Amy faces a dilemma: Further procedures will put her kidney at risk. But if she does nothing, she worries she may be in a wheelchair for the rest of her life.

"I really had to think, 'Do I want to continue to live healthy, with this kidney, and without a leg, or do I want to save my leg, and risk losing my kidney and going through another transplant?'" says Amy.

Determined to find a way to walk again, Amy gets on the phone. She calls the vascular surgeon who operated on victims of the Boston Marathon bombing. She rings up Dr. Oz. "I called every celebrity friend I have," she says. 

Eventually, she finds a doctor in Denver who agrees to treat her while minimizing risk to her kidney. He opts for a procedure that other doctors dismissed because they feared it wouldn’t be effective on an amputated leg. 

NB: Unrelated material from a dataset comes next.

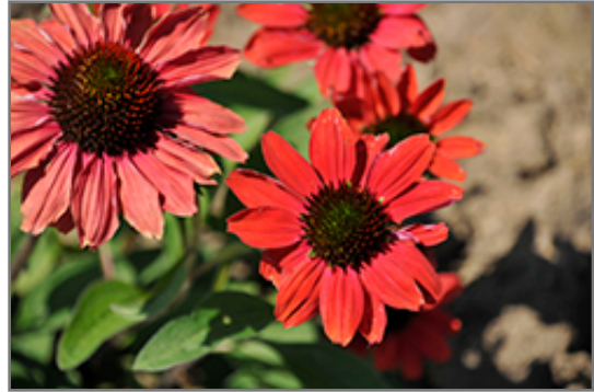
Color Coded Frankly Scarlet Coneflower flowers
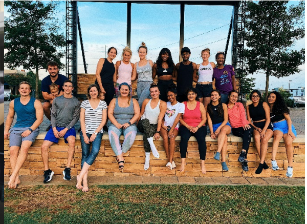
Flexibility Class – City Green

The treatment involves using a catheter to drip a clot-busting solution into Amy's leg for 24 hours. "It was the most excruciating thing I’ve ever felt," Amy says. "I basically yelled and moaned for 24 hours straight. Even the strongest combination of painkillers didn’t help."

But it works—the clot is gone. The next challenge: to get Amy's blood flowing through her leg again.

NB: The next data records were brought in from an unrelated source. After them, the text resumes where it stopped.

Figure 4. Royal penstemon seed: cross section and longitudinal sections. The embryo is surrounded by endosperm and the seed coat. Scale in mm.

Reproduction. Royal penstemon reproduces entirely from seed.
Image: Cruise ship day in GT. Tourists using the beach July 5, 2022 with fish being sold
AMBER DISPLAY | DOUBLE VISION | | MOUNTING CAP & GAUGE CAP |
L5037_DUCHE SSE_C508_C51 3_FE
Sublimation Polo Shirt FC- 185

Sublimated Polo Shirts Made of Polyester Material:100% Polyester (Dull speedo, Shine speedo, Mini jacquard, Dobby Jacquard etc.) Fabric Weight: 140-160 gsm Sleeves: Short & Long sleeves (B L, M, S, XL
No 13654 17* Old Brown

Amy spends the next three months recovering. Finally, in June, she feels ready to try on her left prosthetic for the first time. But almost immediately, Amy says, "my leg turned purple and lost circulation at the very bottom."

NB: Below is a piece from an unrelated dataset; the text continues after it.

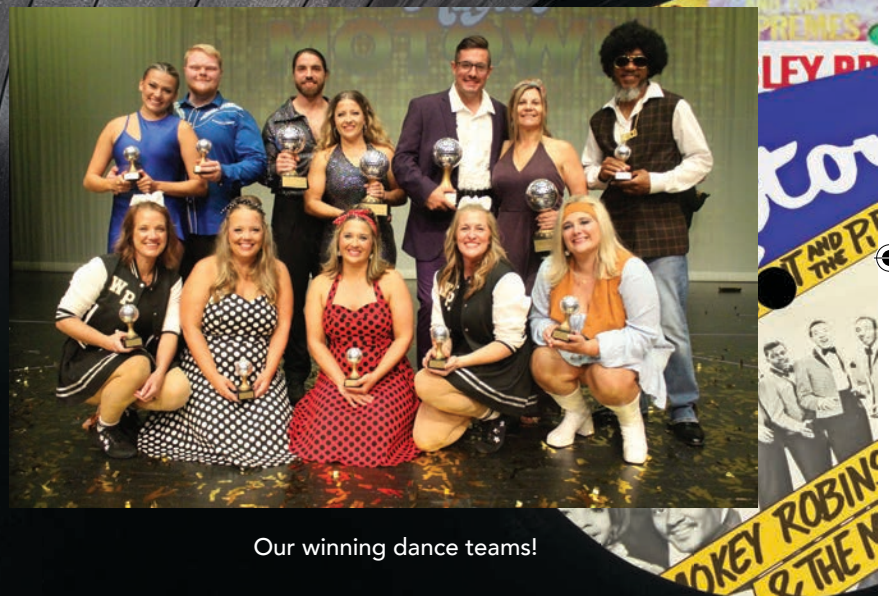
Our winning dance teams!

The culprit: Though the clot is gone, Amy's arteries are drastically shrunken due to the trauma, meaning blood flow to her leg is restricted. "It was bad news after bad news after bad news for about four months straight," Amy says. "The only escape I would have was just to go soak in the bathtub and cry."

The solution to this new hurdle involves a procedure that literally stretches out Amy's arteries. Painful, yes, but ultimately it dramatically improves blood flow and provides relief for some of the discomfort Amy has experienced since February. 

What follows is a recovery regimen that makes me wonder why I can't seem to dedicate five minutes a day to my foam roller. For three hours a day, five days a week, over the course of six weeks, Amy sits inside a hyperbaric oxygen chamber in an attempt to improve circulation in her blood vessels.

She removes all traces of oil, lotion, makeup, and nail polish from her body before entering the submarine-like tank each day, because the high-pressure oxygen levels render everything inside of it highly flammable.

Her first treatment leaves one of her eardrums bruised due to the high pressure inside the chamber—a side effect she knew she was risking going into the procedure—but she finds a doctor to put in tubes and goes back for more. "It really became empowering for me, because it was something that I could do actively every single day to help my body heal and get through this," Amy says.